Running, Viewing Data and Viewing Traces
We containerize each of our microservices with docker so all of our services can be started using a simple call to docker compose up -d
. Give all the services a few seconds to start up and then make a request to the system using the following command:
1
curl -X POST localhost:8080/api/v1/push_message?message=hello!
you should get a response like:
1
waited for 704 milliseconds
Querying our data stores
Next we will query all of our data stores to make sure our message persisted. We will start with Elasticsearch. Navigate to the elasticsearch dev tools console by entering http://localhost:5601/app/dev_tools#/console
into a browser. In the console run the following query:
1
2
3
4
5
6
GET elastic_messages/_search
{
"query": {
"match_all": {}
}
}
You should see a entries with a string value containing the original message sent in the post request, the time spent sleeping in the gRPC server and the time spent sleeping in the elastic consumer.
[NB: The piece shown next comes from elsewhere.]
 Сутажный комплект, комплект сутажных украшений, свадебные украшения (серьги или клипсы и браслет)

You can do the same by logging into the postgres server using any database tool (I use dbeaver) and running the following query:
1
select * from postgres_messages;
Again you should see the message followed by the two sleep times.
Finally to log into cassandra and view the contents of the table. Start a CQL shell using docker
1
docker run --rm -it --network oteldemo-network nuvo/docker-cqlsh cqlsh cassandra 9042 --cqlversion='3.4.6'
and run the following query
1
select * from store.cassandra_messages;
Visualizing the Request
To access the jaeger dashboard navigate to http://localhost:16686/search
. There should be a service called otel-demo
, select it and click “find traces”. Assuming there is only one trace select it (There will be more if you made more requests to the http server). It should look similar to what is below.
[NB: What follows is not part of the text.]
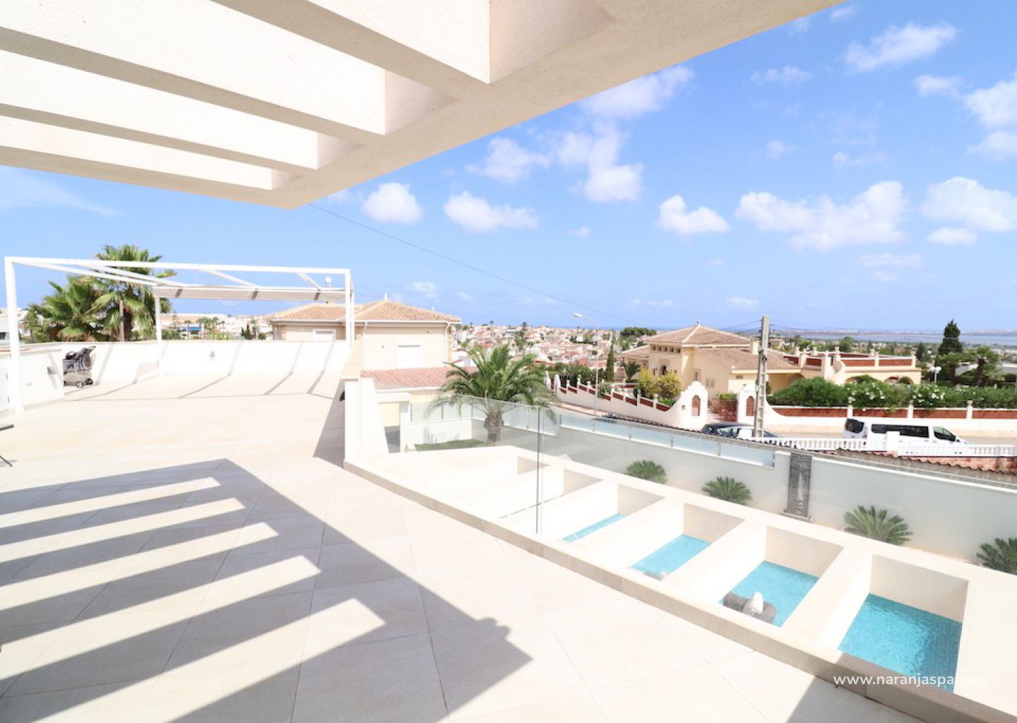 Solárium de 100 m2 con visas al mar y a las salinas con pre-instalación para jacuzzi.

If you have never seen a trace before it may seem like a lot to take in. A good place to start it the Services & Operation
tab on the left side. It starts with a root span at the http request. A child span is created, by the withTracingCarrier
function we created, when the gRPC client sends a request. Similarly a child span is created when the gRPC server receives the request. Again a new span is created when the gRPC server pushes to Kafka. Until now each span had only one child. Note that when each consumer pulls from kafka they are creating child spans from the same parent span. You can prove this by collapsing spans and seeing which child spans close with them.
By looking at the spans associated with each data store consumer we can see a visual representation of the actual time to persist to each of our datastores. Simply through visual inspection we can see that cassandra was the fastest to persist by a noticeable margin.
Drawbacks to this Approach
Up to this point we have shown how you can use otel4s to instrument services written using the Typelevel stack. Overall it has been a pleasant experience but there is an issue with our approach: withTracingCarrier
and fromTracingCarrier
pollute our code. It may not seem to matter that much when our applications only have one endpoint, but as our application grows we will have to constantly make calls to these methods. This is repeated code that obfuscates our business logic. A better pattern is the middleware pattern. http4s supports this pattern and that is why we did not have to write any code specific to it, just wrap any servers or clients in the middleware. gRPC and Kafka both have a concept of “interceptors” which serve more or less the same purpose as a middleware does to a web server. Unfortunately, at the time of writing interceptor functionality is not implemented for either fs2-grpc or fs2-kafka.